***** Material to process *****
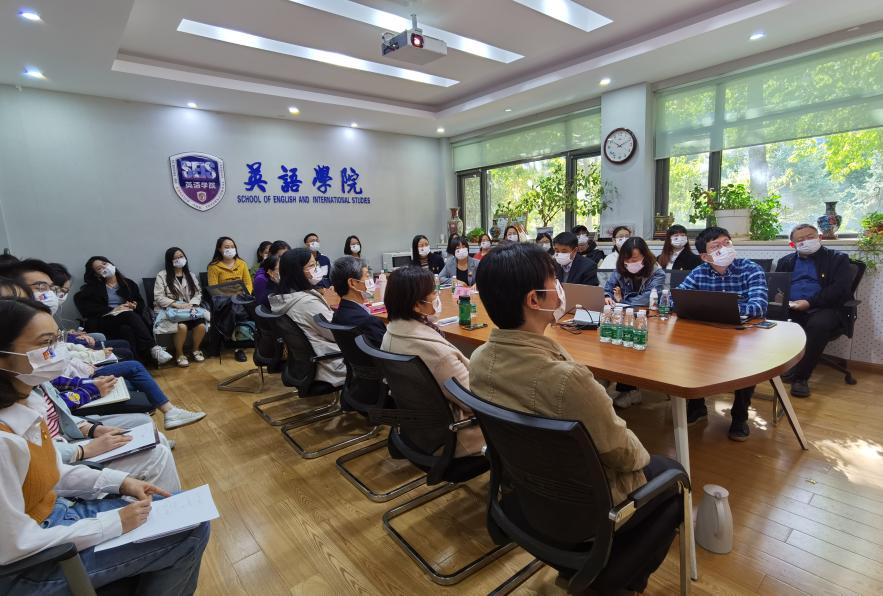 英语学院党总支将进一步组织师生认真学习党的二十大报告,深入领会报告的精神内涵,切实把思想和行动统一到党的二十大精神上来,培根铸魂,立德树人,为服务国家战略、推动世界更好了解中国做出新的贡献。
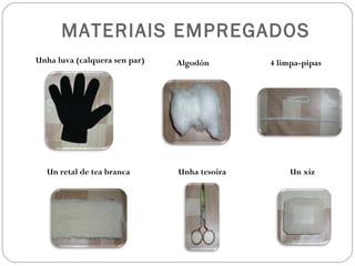 1.Márcanse cun xiz as distintas 2. Énchese cada parte de algodón. As
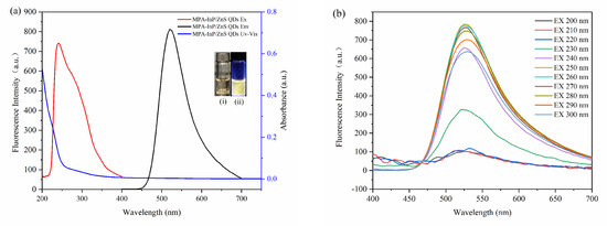 The absorption spectrum, excitation, and emission spectroscopy (a). (insert: photos of MPA-InP/ZnS QDs solutions under sunlight (i) and UV light (365 nm)) (ii) Emission spectroscopy with different excitation of MPA-InP/ZnS QDs (b). MPA-InP/ZnS QDs: mercaptopropionic acid capped InP/ZnS quantum dots.
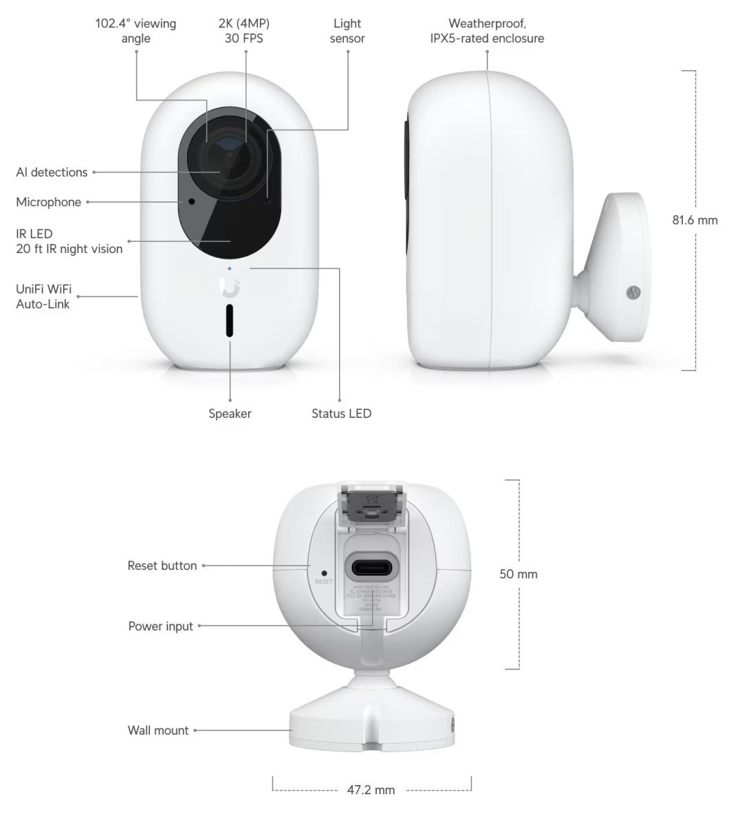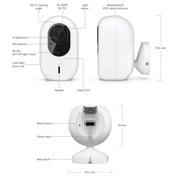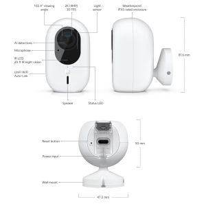UniFi Protect G4 Instant kamera disponuje 5MP snímačom (2688x1512px) pri 30fps, fixným objektívom 2,8mm, IR prísvitom na nočné videnie, mikrofónom a reproduktorom. Kamera má robustné a kompaktné telo z polykarbonátu, odolnosť IK04 proti vandalom a krytie IPX5 proti tryskajúcej vode. Do siete sa kamera pripája pomocou Dual-Band WiFi s podporou štandardov 802.11a/b/g/n/ac a napájanie je riešené cez USB-C kábel (5V/2A) s maximálnou spotrebou 6W.
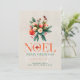 Ce design de carte est rempli de couleur et le joyeux bouquet de fleurs Noel—Noël avec deux mignons Robin Rouge. Script élégant et typographie serif avec texte personnalisable pour votre message de voeux. Carte de vacances vintage.
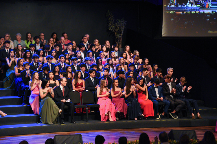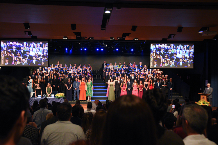 A mesa solene contou com a presença do diretor geral Jorge Berné, do diretor de ensino Rudney Soares, da diretora administrativa Silvia Rizzi, da diretora de nível Eva Fraile e da equipe de orientação do Ensino Fundamental Anos Finais, Vivian Cristianini e Karin Arriagada.
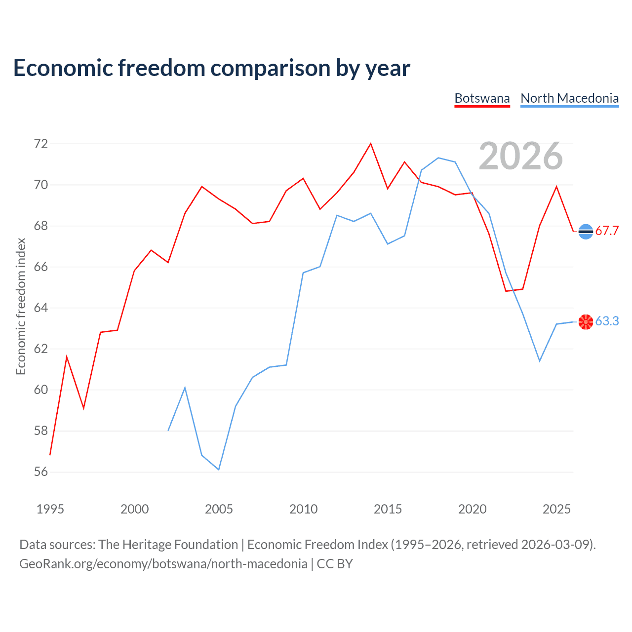 The Economic Freedom Index for Botswana is 67.7, ranking 53/197, compared to 63.3 for North Macedonia, ranking 81/197. The chart above displays a comparison of annual changes in economic freedom indexes.
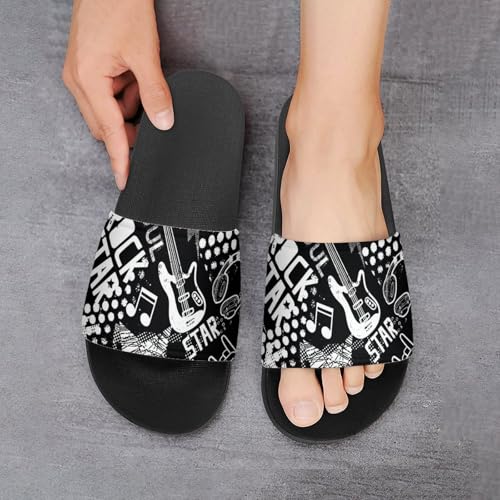 must-have ! Grunge Rock Music with Guitar PVC Slippers Sandals for Women Men Open Toe plush Cushioned Non-Slip Sandal for Indoor Outdoor
*****
** Work item **
Could each line of the data be written out exactly, with no pictures included?

** Result of the task **
 英语学院党总支将进一步组织师生认真学习党的二十大报告,深入领会报告的精神内涵,切实把思想和行动统一到党的二十大精神上来,培根铸魂,立德树人,为服务国家战略、推动世界更好了解中国做出新的贡献。
 1.Márcanse cun xiz as distintas 2. Énchese cada parte de algodón. As
 The absorption spectrum, excitation, and emission spectroscopy (a). (insert: photos of MPA-InP/ZnS QDs solutions under sunlight (i) and UV light (365 nm)) (ii) Emission spectroscopy with different excitation of MPA-InP/ZnS QDs (b). MPA-InP/ZnS QDs: mercaptopropionic acid capped InP/ZnS quantum dots.
UniFi Protect G4 Instant kamera disponuje 5MP snímačom (2688x1512px) pri 30fps, fixným objektívom 2,8mm, IR prísvitom na nočné videnie, mikrofónom a reproduktorom. Kamera má robustné a kompaktné telo z polykarbonátu, odolnosť IK04 proti vandalom a krytie IPX5 proti tryskajúcej vode. Do siete sa kamera pripája pomocou Dual-Band WiFi s podporou štandardov 802.11a/b/g/n/ac a napájanie je riešené cez USB-C kábel (5V/2A) s maximálnou spotrebou 6W.
 Ce design de carte est rempli de couleur et le joyeux bouquet de fleurs Noel—Noël avec deux mignons Robin Rouge. Script élégant et typographie serif avec texte personnalisable pour votre message de voeux. Carte de vacances vintage.
 A mesa solene contou com a presença do diretor geral Jorge Berné, do diretor de ensino Rudney Soares, da diretora administrativa Silvia Rizzi, da diretora de nível Eva Fraile e da equipe de orientação do Ensino Fundamental Anos Finais, Vivian Cristianini e Karin Arriagada.
 The Economic Freedom Index for Botswana is 67.7, ranking 53/197, compared to 63.3 for North Macedonia, ranking 81/197. The chart above displays a comparison of annual changes in economic freedom indexes.
 must-have ! Grunge Rock Music with Guitar PVC Slippers Sandals for Women Men Open Toe plush Cushioned Non-Slip Sandal for Indoor Outdoor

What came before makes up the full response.